I was wondering if there are any undocumented engine parameters where one can change the "Tracking" or "Reverse" options of specific groups? KSP documentation doesn't show any, but it does have some "Source" parameters listed and I was holding on to the fading pipe dream that there might be some that are undocumented.

Thanks,
Chris


----------



## kriztofo (Aug 11, 2010)

Thanks for your response.

I hoped some things might be script-able since things like whether or not a group is a round robin group is accessible.

But thanks for the idea about changing the tuning based on the distance from the root note; I never would have thought of that.

Also, I love your KSP editor. It makes life a whole lot easier.

Is it a bug in the editor that scripts fail to compile thinking that $VCC_PITCH_BEND is undefined? It's easy enough to work around but I was just curious if it was a bug or feature to prevent something bad from happening.


----------



## kotori (Aug 11, 2010)

kriztofo @ Thu Aug 12 said:


> Also, I love your KSP editor. It makes life a whole lot easier.
> 
> Is it a bug in the editor that scripts fail to compile thinking that $VCC_PITCH_BEND is undefined? It's easy enough to work around but I was just curious if it was a bug or feature to prevent something bad from happening.



I'm glad to hear that. Regarding $VCC_PITCH_BEND I am having no trouble with it and I think it should have been included for a quite long time now. Are you using the latest version?

In any case I made it so that users can easily modify a file called ksp_util.txt inside the installation folder (if you're on mac I think you need to open and look inside the application package to find it) to add new built-in variables/functions. I think the pattern should be readily apparent just by skimming through the file contents.
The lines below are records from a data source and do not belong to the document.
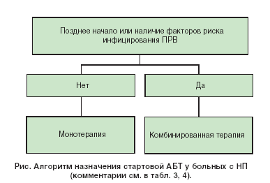 В прежних рекомендациях АТО указывалось, что спектр вероятных возбудителей НП можно очертить при оценке следующих трех факторов: степени тяжести заболевания; наличия или отсутствия факторов риска, предрасполагающих к инфицированию теми или иными возбудителями; времени возникновения НП (ранняя или поздняя) [3]. Соответственно, выделялись три группы пациентов, для которых были разработаны режимы эмпирической АБТ. В новом консенсусе АТО указывается на отсутствие связи между степенью тяжести заболевания и этиологией НП [5]. Принципиальное значение имеют время возникновения заболевания и наличие или отсутствие факторов риска инфицирования полирезистентными возбудителями (панель). Алгоритм назначения стартовой АБТ у больных с НП (рис., табл. 3), дозы антибиотиков для лечения больных с поздней НП или с наличием факторов риска инфицирования полирезистентными возбудителями не зависят от сроков возникновения заболевания (табл. 4).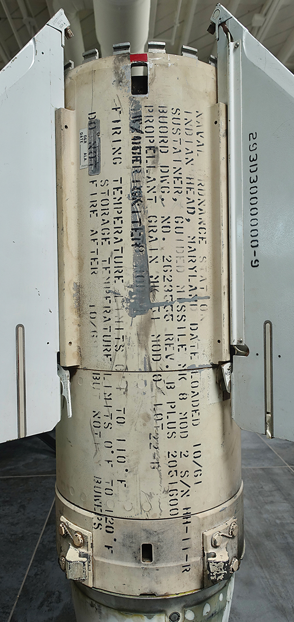 Bullpup missile fin can and tail, marked on the side: "Naval Ordnance Station, Indian Head, Maryland, Date Loaded 10/61, Sustainer, Guided Missile MK 8 Mod 2 S/N HH-11-R, Buord Dwg. No. 63555 Rev. B Plus 051600."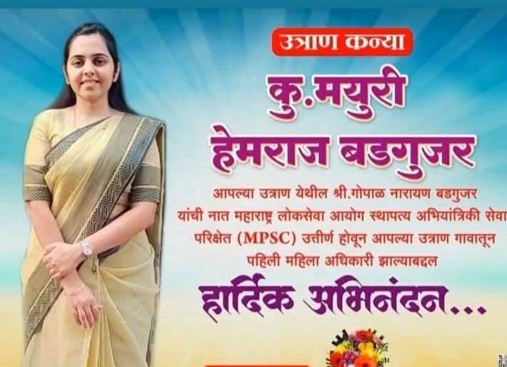 मृद व जलसंधारण विभाग जळगाव येथे जलसंधारण अधिकारी म्हणून कार्यरत असलेली कु. मयुरी हेमराज बडगुजर ही महाराष्ट्र लोकसेवा आयोग स्थापत्य अभियंतात्रिकी सेवा परीक्षेत एम पी एस सी उत्तीर्ण होऊन उत्राण गावातून पहिली महिला अधिकारी झाल्याबद्दल हार्दिक अभिनंदन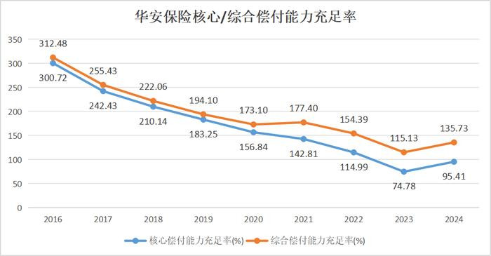 2023年末之前,华安保障的偿付才能捏续走低,2023年4季度概述偿付才能弥散率为115.13%,同比下落39.26个百分点,较2016年下落197.35个百分点;中枢偿付才能弥散率为74.78%,同比下落40.21个百分点,较2016年下落225.94个百分点。
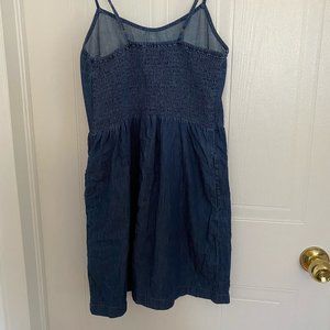 Medium-weight blue denim is sewn into a darted triangle bodice with adjustable spaghetti straps and a stretchy smocked back panel.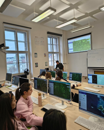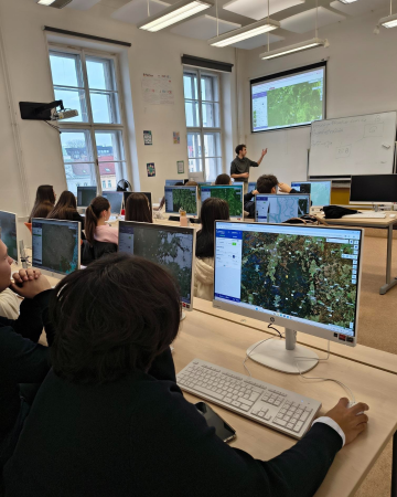 Školu navštívil pan Jakub Nosek, který studentům představil nástroj Copernicus Browser. V tomto prostředí zpracovávali a analyzovali data týkající se úbytku lesních porostů v důsledku kůrovcové kalamity. Výsledkem jejich práce byla srovnávací analýza stavu lesů před a po kalamitě.
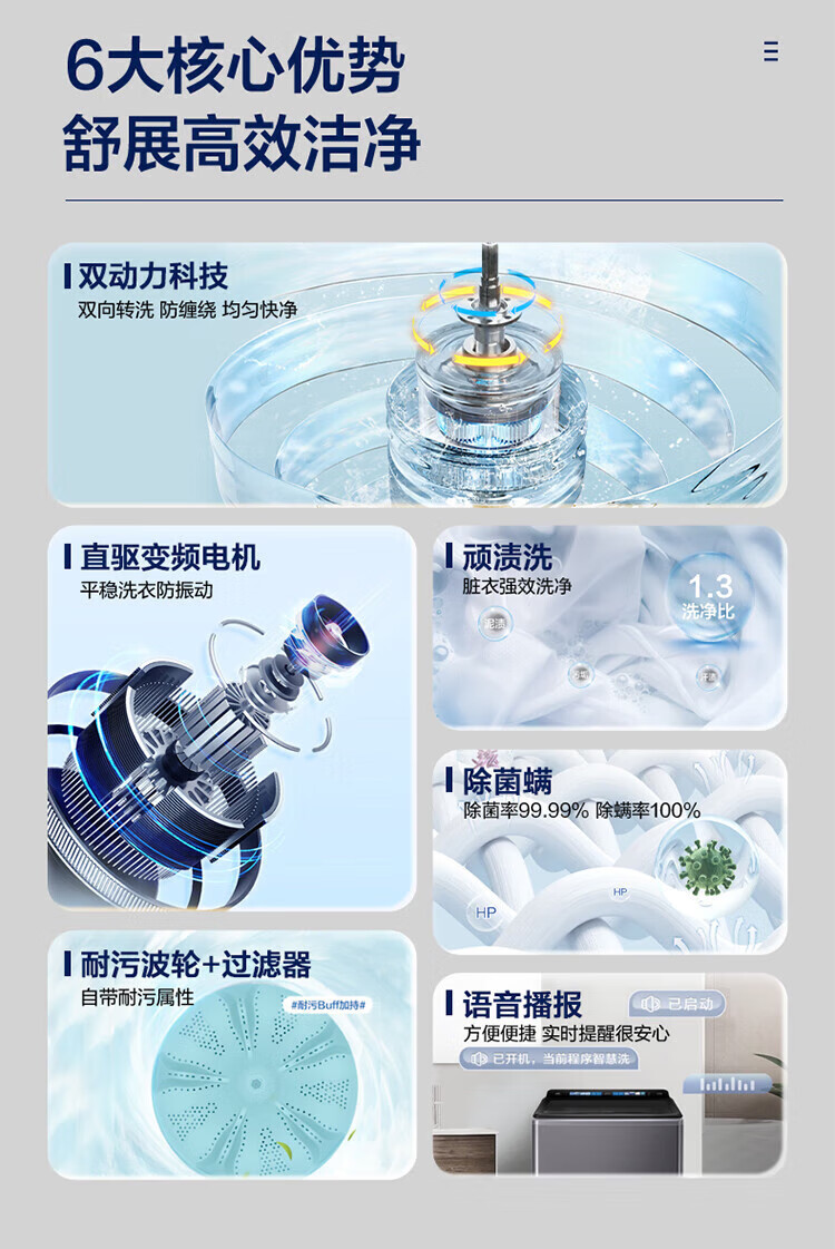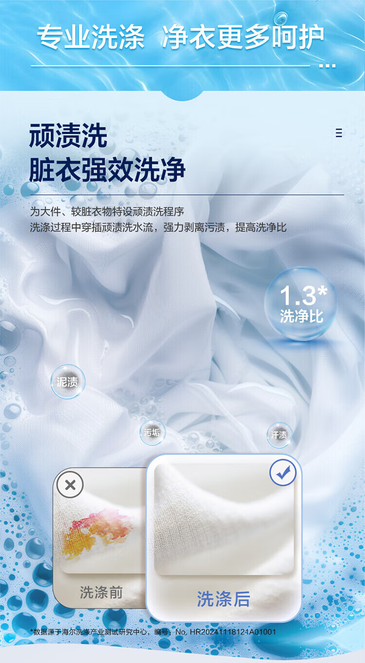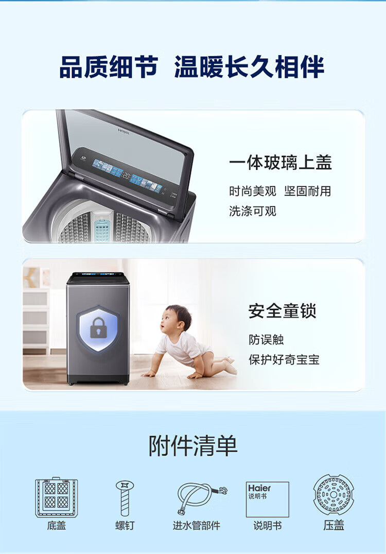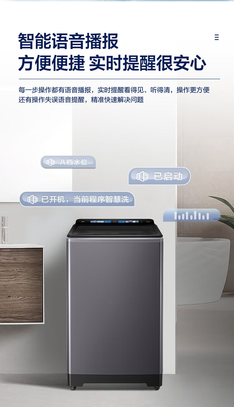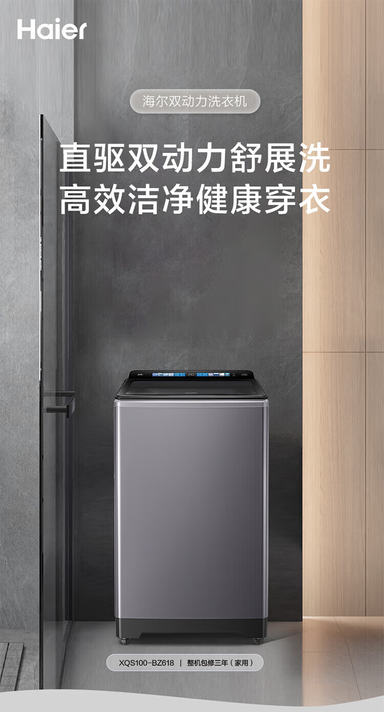 海尔(Haier)波轮洗衣机10公斤全自动直驱变频双动力防缠绕一级变频留水功能+语音播报+彩屏玻璃盖XQS100-BZ618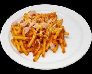 Maccaroniplatte mit fruchtiger Tomatensoße, Putenbrustschinken, garniert mit Käse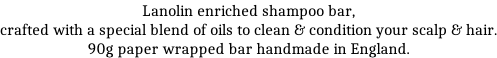 Free postage for any UK order over £45 Edwin Jagger DESSKNBL 3ONE6 Stainless Safety Razor Lanolin enriched shampoo bar, crafted with a special blend of oils to clean & condition your scalp & hair. 90g paper wrapped bar handmade in England. Lanolin Shampoo Bar £6.30 (ex.VAT 5.25)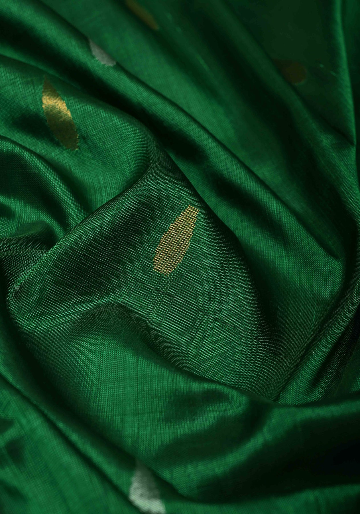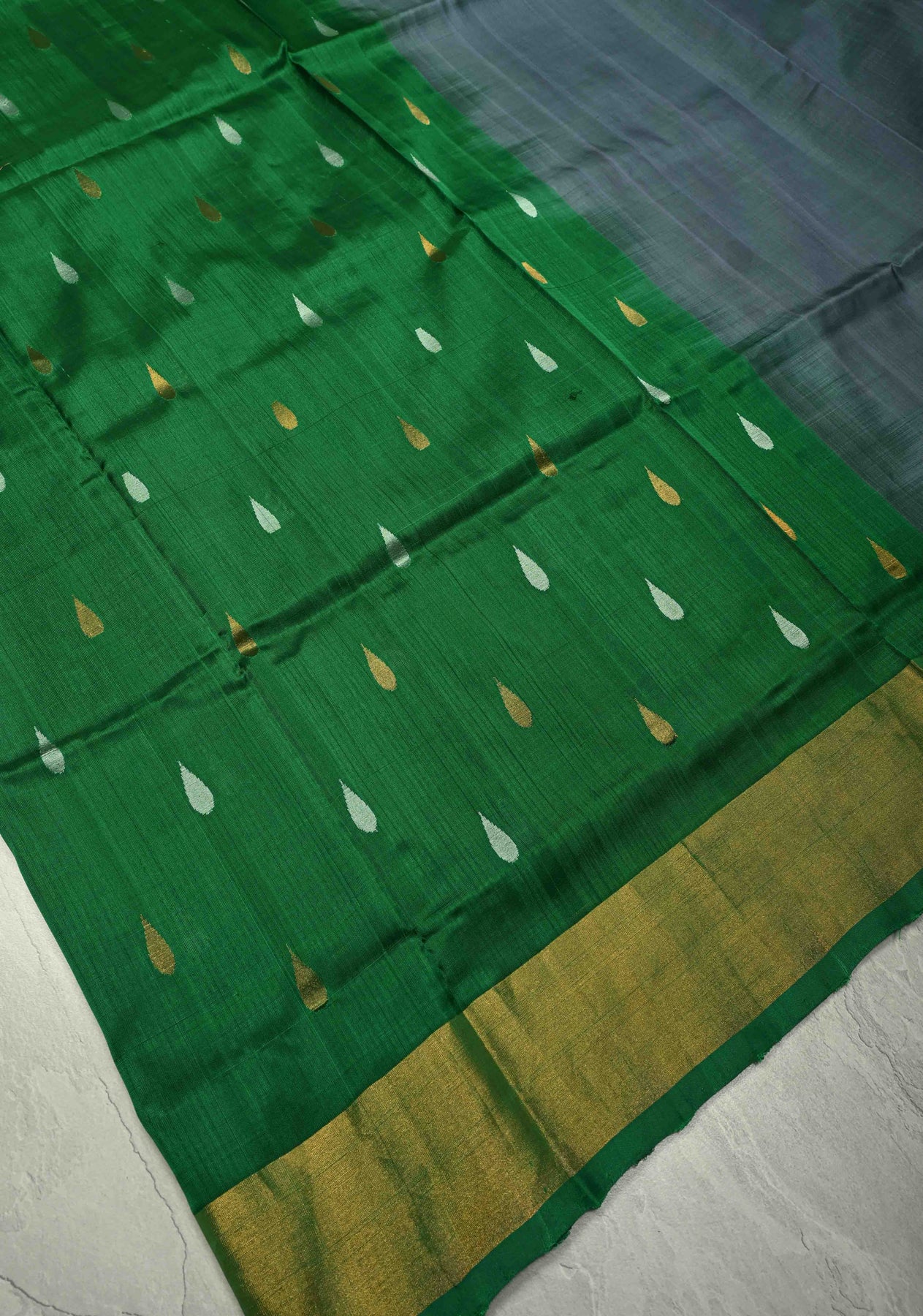 patli Pallu Gray-Green Uppada Handloom Silk Half-Half Saree with Sona Rupa Buttas and Tissue Border | SILK MARK CERTIFIED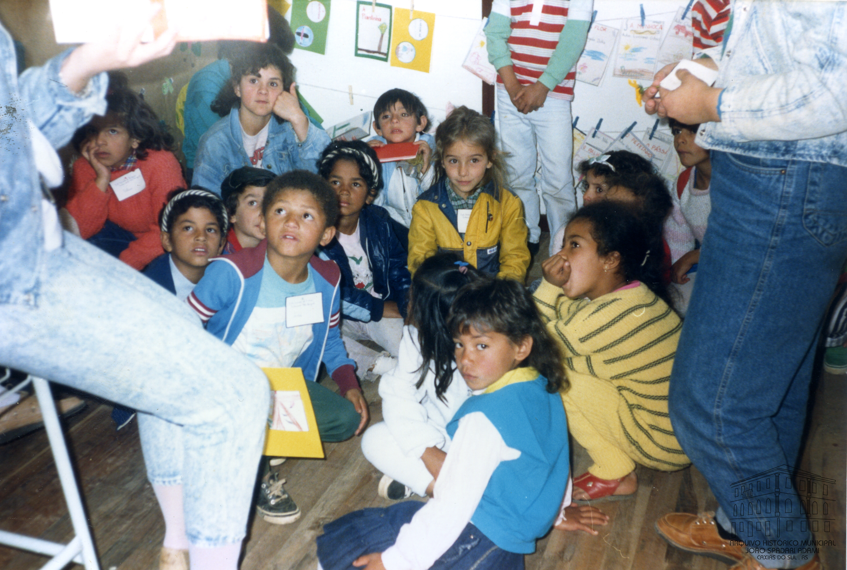 Alunos da Escola Municipal Presidente Tancredo de Almeida Neves em visita ao espaço da Secretaria Municipal da Educação e Cultura na Feira do Livro, ocorrida de 18 a 22 de outubro de 1988,na Praça Dante Alighieri.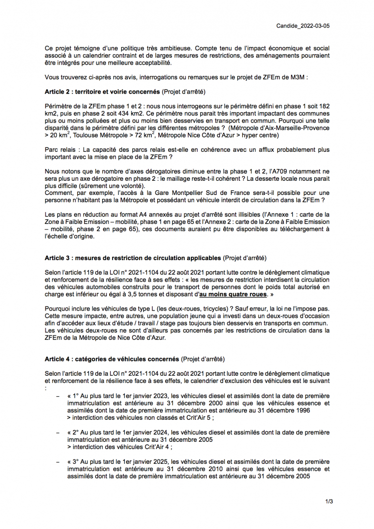 Nous transmettons en pièce jointe nos avis, interrogations ou remarques sur le projet de ZFEm de Montpellier.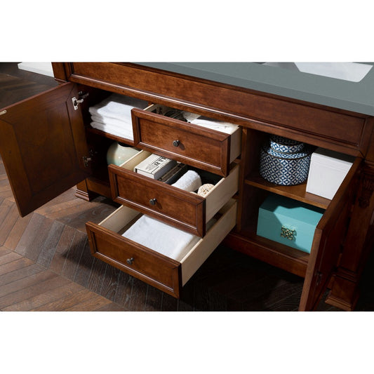 Brookfield 60" Double Vanity, Warm Cherry w/ 3 CM Gray Expo Quartz Top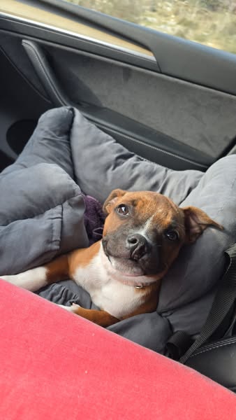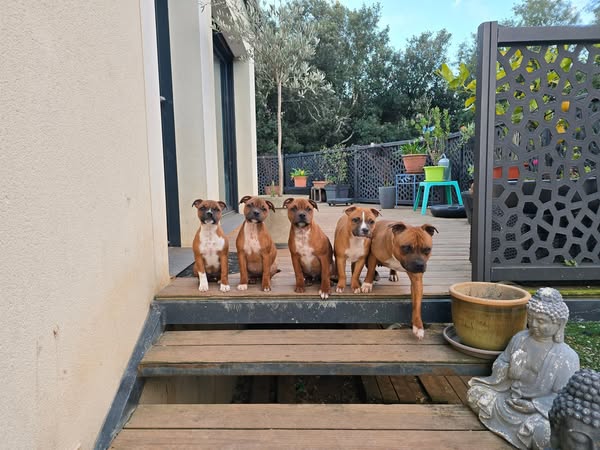 搜索关键词 Staffie adoption, puppy adoption, dog adoption, Staffordshire Bull Terrier, adopt Hope, family dog, puppy for sale, France dog, LOF Staffie, cleft lip puppy优势 Well-socialized (children, cats, chickens),Vaccinated and dewormed,Healthy (clear of genetic diseases),LOF registered (French Kennel Club),Good with leash

You could try to verify that $VCC_PITCH_BEND is included in the variables section of that file in case you have previously changed it.


----------



## snapshot (Aug 25, 2010)

Hi guys

well ,seem like there are some undocumented parameters/commands. i cant find them in my manual :(

$INTMOD_TYPE_LFO
$INTMOD_TYPE_GLIDE

$EFFECT_TYPE_FILTER

$LFO_TYPE_MULTI
$LFO_TYPE_RANDOM
$LFO_TYPE_RECTANGLE
$LFO_TYPE_SAWTOOTH
$LFO_TYPE_TRIANGLE

im wondering how to use it and where ,seems like those are options for changing effect type within one slot . im just guessing , not luck with experimenting yet :/


anybody ?
K
~o)


----------



## snapshot (Aug 25, 2010)

True !


----------



## muzicphiles (Aug 31, 2010)

a bit off topic.. but wanted to congratulate you on the good work on the TH requiem script. 
! cheers


----------